In the latest range test, Bjørn Nyland checks out the top-of-the-line Hyundai Ioniq 5 (the long-range version with a 72.6 kWh battery and all-wheel drive).

According to the specs, this version with 19" wheels should be good for 287 miles (462 km) on the WLTP cycle. If you opt for bigger 20" wheels, then the range will be 268 miles (431 km).

The test was conducted in fairly good conditions, however, the high-speed test was slightly affected by the rain (but only a small part of the driving).

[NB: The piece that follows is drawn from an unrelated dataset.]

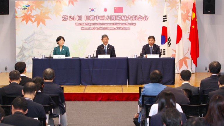 11月3日至4日,第二十四次中日韩环境部长会议在日本名古屋市举行。中国生态环境部部长黄润秋、日本环境大臣伊藤信太郎、韩国环境部部长韩和真分别率团出席会议,交流本国环境政策及最新进展,并就共同关心的区域和全球环境议题交换意见。会议审议了《中日韩环境合作联合行动计划(2021-2025)》实施情况,通过并共同签署《第二十四次中日韩环境部长会议联合公报》。

At 90 km/h (56 mph) the result was about 461 km (287 miles) which is in line with the WLTP rating.

Bjørn Nyland estimates that he used 70.6 kWh as the energy consumption was 153 Wh/km (246 Wh/mile). Similar energy consumption was noted by MEB-based Audi Q4 e-tron 40 and Volkswagen ID.4 GTX (both are all-wheel drive too).

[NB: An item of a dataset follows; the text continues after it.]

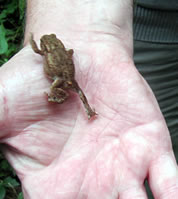 30.4.12 . .Rana en echten Pogg! Wat weer ik verwunnert över de Utkunft vun den lütten Pogg, den ik tofällig funnen harr! Dat weer en echten Pogg (lat. Rana)! Gifft dat ok unechte Poggen? As ik letzten Sünndag mit mien Mann mit Auto dörch den Woold föhr, wöör ik an den Rand vun en Waldweg de ersten Mööschen wies. Glieks heff ik anhollen, dat müss ik genauer ünnersöken. Un wohrhaftig, an de Kannt vun den Weg wussen n'Barg Mööschen up en lütten Wall. Dor müss ik mi doch enen lütten Struß plücken un mit na Huus nehmen. De drögten Mööschen legg ik ümmer in mien Wäscheschapp mank dat Linnentüüch. Dat rüükt so goot. As ik up den Wall kladder un mi na de Mööschen bück, hüpp mi en lütten Pogg meist in't Gesicht. Ik heff mi böös verfehrt. Den Pogg harr ik wull ut sien Meddagsslaap haalt. He hüpp mank dat verdröögte Loof un dörch de Mööschen vör mien Fööt. Denn sett he sik up en Blatt. Gau haal ik mien Knipskassen ut de Tasch. Aver dor weer de Pogg al wieder hüppt. Endlich wöör ik em wedder wies. Aver in den Momang, as ik up den Utlöser drücken wull, swupp!, hüpp he al wedder wieder. Ik ümmer achterna. Dat güng den Wall up un daal un duer so lang, bit ik in't Gras full. Mien Mann müss mi wedder hoochtrecken. Nahdem ik mi dat Loof un de Dannennadeln vun de Büx kloppt harr, fraag he: "Hest denn nu wenigstens en godes Bild vun em maakt?" "Dat weet ik doch noch nich, ik mütt eerst mal nakieken!" As ik em denn up dat Display vun mien Knipskassen den Pogg wies, meen he: "Dat hett sik ja richtig lohnt! Dat is ja en ganz besünneres Exemplar!" Ja, dat weer en echten Pogg, en Moorpogg! De Biller köönt Se per Klick
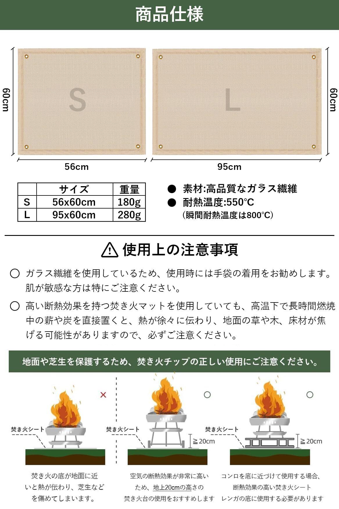 【さらに多くのサイズ選択肢】不燃シートは縫い目が密着しており、56×60cm、60×95cm、95×100cmの3種類のサイズがあります。焚き火シート、耐热シート、防火シート、薪シートなどのベースシートとして使用でき、ユーザーは必要に応じてサイズを選択できます。また、折りたたみ可能で携帯に便利で、収納袋が付属しています。

However, at a higher speed of 120 km/h (75 mph), the range drops to 289 km (180 miles), while the energy consumption surges to 244 Wh/km (393 Wh/mile) and exceeds MEB-based models.

We must remember, it's a big and heavy car (2,200 kg) so the nearly 300 km of range is actually not bad, especially in combination with really good charging capabilities.

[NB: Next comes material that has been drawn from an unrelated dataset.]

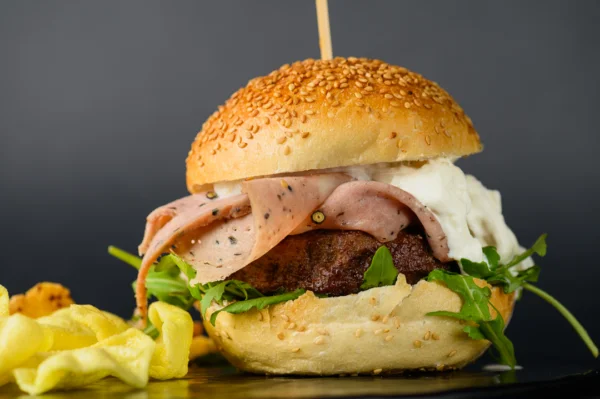 Un hamburger di scottona sale e pepe incontra la mortadella al tartufo, creando un equilibrio tra sapidità e profumo intenso.

2021 Hyundai Ioniq 5 AWD (72.6 kWh)

Results at 90 km/h (56 mph)

  • range of 461 km (287 miles)
  • energy consumption of 153 Wh/km (246 Wh/mile)
  • used battery capacity: 70.6 kWh (estimated)
  • temperature of 25°C
  • 19" Michelin Primacy 4

Results at 120 km/h (75 mph); up 33% compared to 90 km/h:

  • range of 289 km (180 miles); down 37%
  • energy consumption of 244 Wh/km (393 Wh/mile); up 59%
  • used battery capacity: 70.6 kWh (estimated)
  • temperature of 21°C
  • 19" Michelin Primacy 4

There are also other versions of the Hyundai Ioniq 5 - with a smaller 58.2 kWh battery and rear-wheel drive. In the U.S. there will be a 77.4 kWh battery option only (potentially offering a higher range than the 72.6 kWh in Europe).